**Information provided**
++++++++++

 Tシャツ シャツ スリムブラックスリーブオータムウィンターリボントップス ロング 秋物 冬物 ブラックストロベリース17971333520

++++++++++

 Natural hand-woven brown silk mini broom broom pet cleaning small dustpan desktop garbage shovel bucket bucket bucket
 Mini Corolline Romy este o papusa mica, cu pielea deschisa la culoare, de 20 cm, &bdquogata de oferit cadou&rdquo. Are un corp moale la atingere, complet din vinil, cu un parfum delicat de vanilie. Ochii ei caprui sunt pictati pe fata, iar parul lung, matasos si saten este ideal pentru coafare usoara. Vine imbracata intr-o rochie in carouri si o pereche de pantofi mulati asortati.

++++++++++

**Work to complete**
With the first line being the one containing "Natural hand-woven brown" and the last line the one containing "Mini Corolline Romy", transcribe exactly the lines above that fall in that range.

**Solution to this problem**
 Natural hand-woven brown silk mini broom broom pet cleaning small dustpan desktop garbage shovel bucket bucket bucket
 Mini Corolline Romy este o papusa mica, cu pielea deschisa la culoare, de 20 cm, &bdquogata de oferit cadou&rdquo. Are un corp moale la atingere, complet din vinil, cu un parfum delicat de vanilie. Ochii ei caprui sunt pictati pe fata, iar parul lung, matasos si saten este ideal pentru coafare usoara. Vine imbracata intr-o rochie in carouri si o pereche de pantofi mulati asortati.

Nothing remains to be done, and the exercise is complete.